As I always do, I see everything through the eyes of someone who has experienced trauma and its lingering effects, which, as we know, show up in our physical bodies.
We’ve talked before about how our body, mind, and spirit are intricately connected, how we cannot do something that affects one without affecting the other two. In his book Finding Rest, Jonathon Seidl explains how our mental health is like a little stool on three legs: body, mind, and spirit, and how all three are needed to support a healthy mental state. So often, though, our view of this is one-sided.
The secular world sees mental health struggles as purely physical, an imbalance of chemicals in the brain that can only be cured with more chemicals, aka pharmaceuticals. I have no doubt that pharmaceuticals help some with mental health problems, and if you are one of them, I applaud you for making the decision to accept whatever help offers you relief. There is no shame in that. But I don’t think it’s as easy as taking a pill. There is more to the story because you are more than just a body.
Or maybe you, like I did for two years, think your mental health issues are the result of a concussion, a physical injury to the brain itself. That’s still a physical problem that should have a physical answer (rest or therapy). But even when I thought all my struggles were because of a concussion, there was an awful lot of wrestling with God going on. Why did this happen? Will I ever recover? Will I ever be the same? I pray for safety every time I drive and where were you when I was getting hit head-on? As they say, the struggle was real. And so the physical became spiritual and mental.
Then there is the church’s position. Seidl says in Finding Rest that the church largely “treats mental health struggles as purely spiritual problems that only require spiritual answers, dismissing the physical aspects altogether.” They make it a spiritual issue that must be caused by not enough faith, too much worldliness, or outright sin. But God says his words are life to those who find them and health to their flesh. God knows the spirit, mind, and body are so closely intertwined as to be inseparable.

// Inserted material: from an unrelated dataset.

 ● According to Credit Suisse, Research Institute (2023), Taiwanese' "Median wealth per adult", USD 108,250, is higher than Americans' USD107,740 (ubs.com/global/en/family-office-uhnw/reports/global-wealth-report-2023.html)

When a person suffers a trauma, that trauma is not stored in the mind as a memory. It is stored in the body as a reaction. The nervous system remembers what happened and will forever be on the lookout for situations that feel similar, and it will launch the fight-or-flight response when it senses one. That’s called a trigger. It is not a thought, not an idea, not in your head. It is a physical response of your physical nervous system, which is made of tangible, physical things: nerves, synapses, muscles, heart and respiration rates, sweat glands, electrical impulses shooting through your body at lightning speed. It is 100% physical. It needs physical help, and God says his words give just that: health to your flesh.

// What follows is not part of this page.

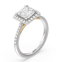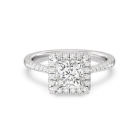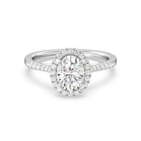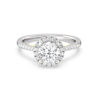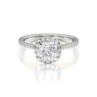 Classic cathedral shoulders join a shimmering diamond halo which wraps the center stone in an aura of light. Featuring diamonds cascading down the shoulders and a sweeping fishtail design of precious metal.

I don’t just need life for my spirit, though that is surely important. When I put God’s words into my mind through reading, study, and mediating on them, they give life to my mind and spirit. But I also need health for my flesh—my physical body—because I still feel the effects of trauma in my body every single day.
When I put good things into my body, it helps my mind. When I put good things into my mind, it helps my spirit. And when I put good things (God’s words) into my spirit, it helps my body. I cannot feed one part well and it not benefit the others.
And this, friend, is how God’s words are health to our flesh.